Okay, I thought I was crazy because I repeatedly failed at this, but I thought, maybe something is happening with the html that I don't understand.
I have been trying to scrape the 'articles' from cnn.com.
But no matter which way I tried soup.find_all('articles'), or soup.find('body').div('div')...etc with class tags, id, etc. FAIL.
I found this reference: Webscraping from React web application after componentDidMount.
I suspect injection in html is why I am having issues.
I know 0 about injection other than 'html injection attacks' from cyber security reading.

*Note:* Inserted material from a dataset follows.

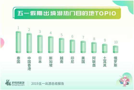 五一假期,出境游市场也更为火热。《报告》显示,今年五一出境游人次占比较去年提升近一成。其中,短线出境游占主体。泰国、中国香港、日本、新加坡、越南、印尼、美国、阿联酋、土耳其、俄罗斯,位居十大热门目的地。

I want the articles, but I am assuming I will need to use a tactic similar to the other stack overflow question link above. I do not know how. Links to help documents or specifically cnn scraping would be appreciated.
Or if someone knows how I could get the 'full data' of the html body element, so that I could do some rearranging in my early code of this definition and then just reassign body.

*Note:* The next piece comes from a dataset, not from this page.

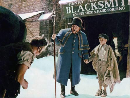 El de la película que nos ocupa vive obsesionado por la vejez, el miedo a verse un día desamparado e indefenso ante la sociedad convirtiéndose en un estorbo para todo el mundo. Carol Reed lo humaniza, incluso es simpático y trata de evitar la violencia de Bill Sikes contra el pobre infante
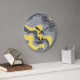 Chic multi-tonal abstract yellow and grey ocean waves patterned clock, with a monogram area for you to add your name and initial

'Or just tell me I'm an idiot and on the wrong track'
def build_art_d(site):
url = site
main_l = len(url)
html = requests.get(url).text
soup = BeautifulSoup(html, 'lxml')
print(soup.prettify())
art_dict = {}
body = soup.find('body')
print(body.prettify())
div1 = body.find('div', {'class':'pg-no-rail pg-wrapper'})
section = div1.find('section',{'id' : 'homepage1-zone-1'})

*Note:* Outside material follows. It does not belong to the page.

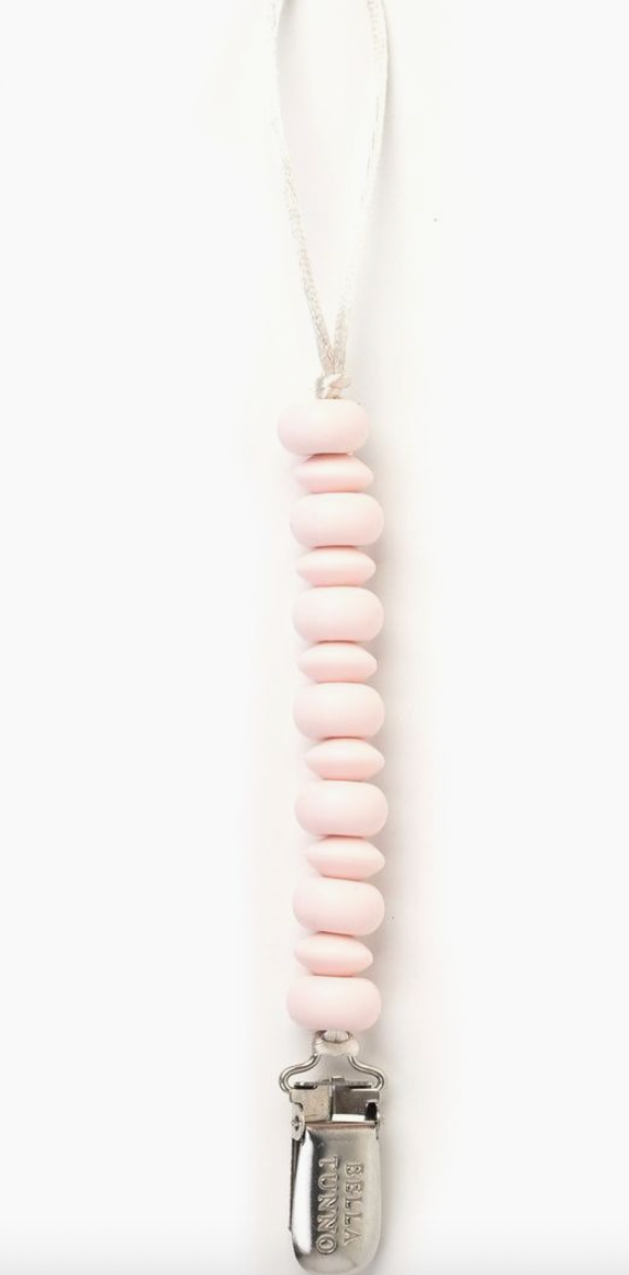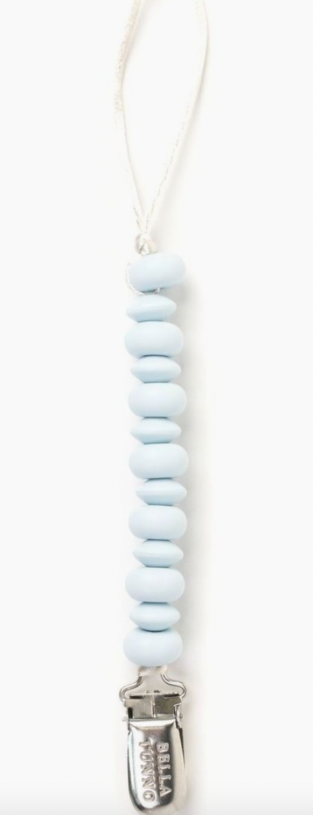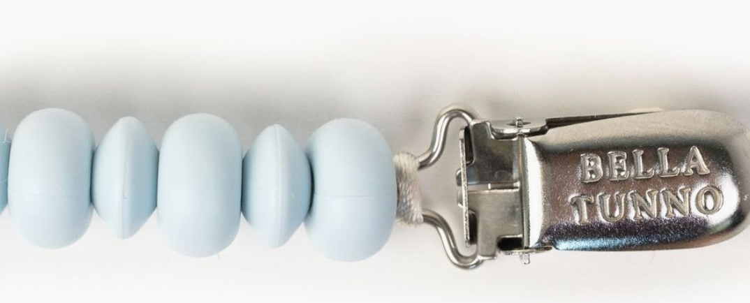 A modern, yet playful pacifier clip assortment. These paci clips are easy to mix and match with any outfit and the solid colors create a clean, modern look. New stainless steel clip makes the entire product dishwasher safe. Pacifier Clip designed to stay on clothes without leaving marks. Doubles as a teether and beading is soft on baby's gums. End bead knotted for safety and works with all pacifiers.

div2 = section.find('div', {'class':'l-container'})
div3 = div2.find('div', {'class':'zn__containers'})
articles = div3.find_all('article')
for art in articles:
art_dict[art.text] = art.href
#test print
for article in art_dict:
print('Article :: {}'.format(article), 'Link :: {}'.format(art_dict[article]))
You can use selinium to enable the data to be filled in by the sites javascript. Then use your existing bs4 code to scrape the articles.
from bs4 import BeautifulSoup
from selenium import webdriver
driver = webdriver.Chrome()
driver.get('https://www.cnn.com/')
soup = BeautifulSoup(driver.page_source, 'html.parser')